Truth is being awake, putting on favorite records,
calling me over for mimosas and to watch
pigeons roosting at your windowsill coo
and build nests that will only last until wailing winds
blow them away once again -
but we know by the time we have finished with breakfast
they’ll be stacking up
bowls of branches in the same
unwise locations as before.

But you tell me of church-glass
that you’ve glued into goggles
for gazing at sons that kick soccer balls
across saffron skies.
It’s always the same:
different people, places,
and new kinds of terrors
to haunt you awake.

4-3-12: The Cemetary at Unitarian Church.

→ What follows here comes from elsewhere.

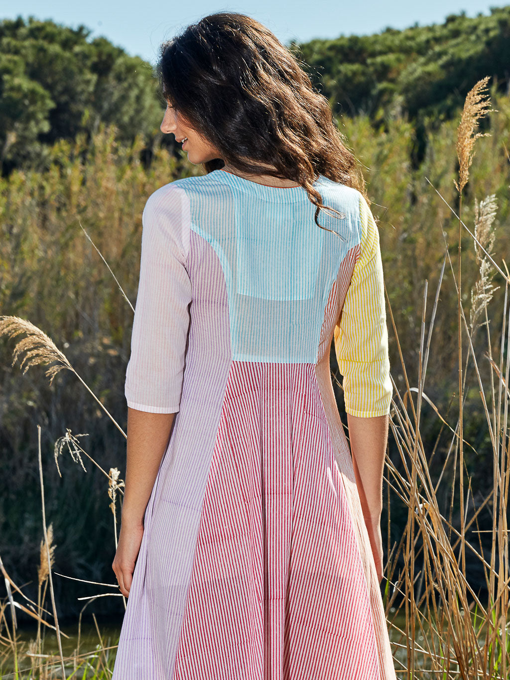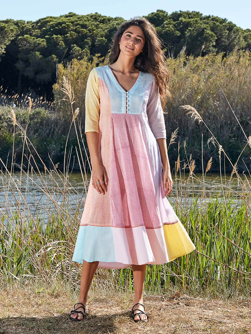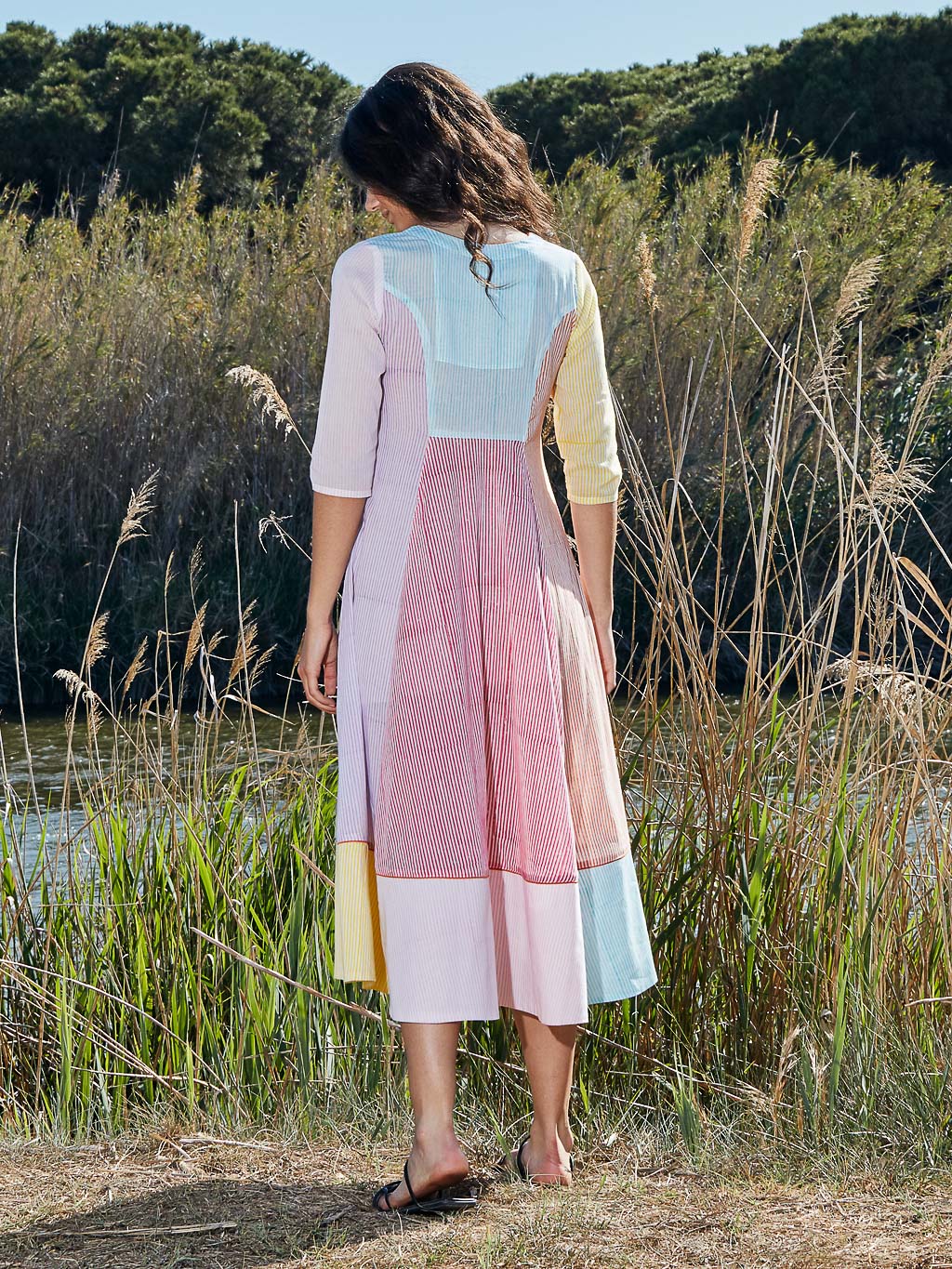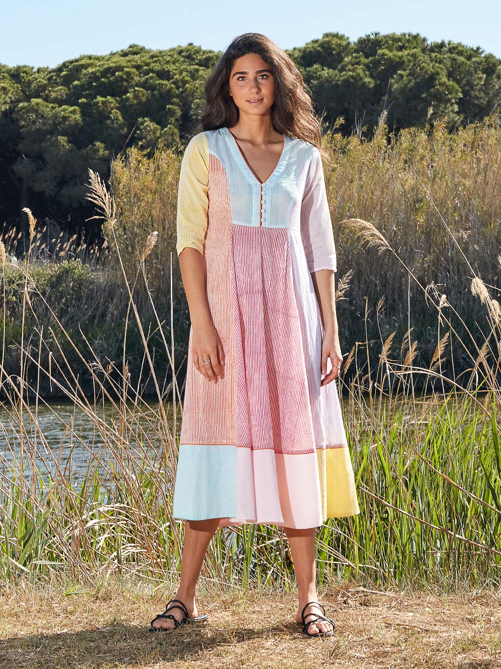 Vestido midi manga francesa en estampado de rayas multicolor. Escote V acabado con botones forrados y ribete blanco.

The first bit of cool breeze I found today
sprung up between the withered marble of two headstones.
Ivy all around and my shins ached.
Anna Maria Rose, 67 or 62 -
Sarah Mary, 27 -
took pity.

The trees are overgrown, sprawled.
It should be disastrous or dark;
instead there’s green peace
to palms and perennial paths.
This brick has been here since before
any of us breathed
.

There’s power in the spots on Sarah’s grave -
in the ant crawling ‘cross my page -
in the importance people place on taking marble slabs,
carving dead names deep.
It’s transient, you want to say.
Marble dissolves quick as bones.

I want to be locked in, shut in, kept captive with the dead.
I want to experience one night’s worth
of the way the roots keep this dirt,
incorporate long-wasted forms,
pull them deep into an earth
that offers little but memories that
no longer make sound for anyone but the bricks
that rise on either side
and muffle the grass that would flourish from their flesh.

There’s honeysuckle here.
These are flowers I haven’t seen
since I was seven years old.
I’m alone in a cemetary and
I want to cry for the half-buried headstone
beneath these briars.
I want to lean in above
and between my lips take
the stamen of this flower
so I can taste graveyard honey.

When I get home,
and I empty my bag,
I’ll pull free my blanket and to the floor will fall
a thousand tiny flecks of cemetary dirt
that I will never be able to wash free from the rug.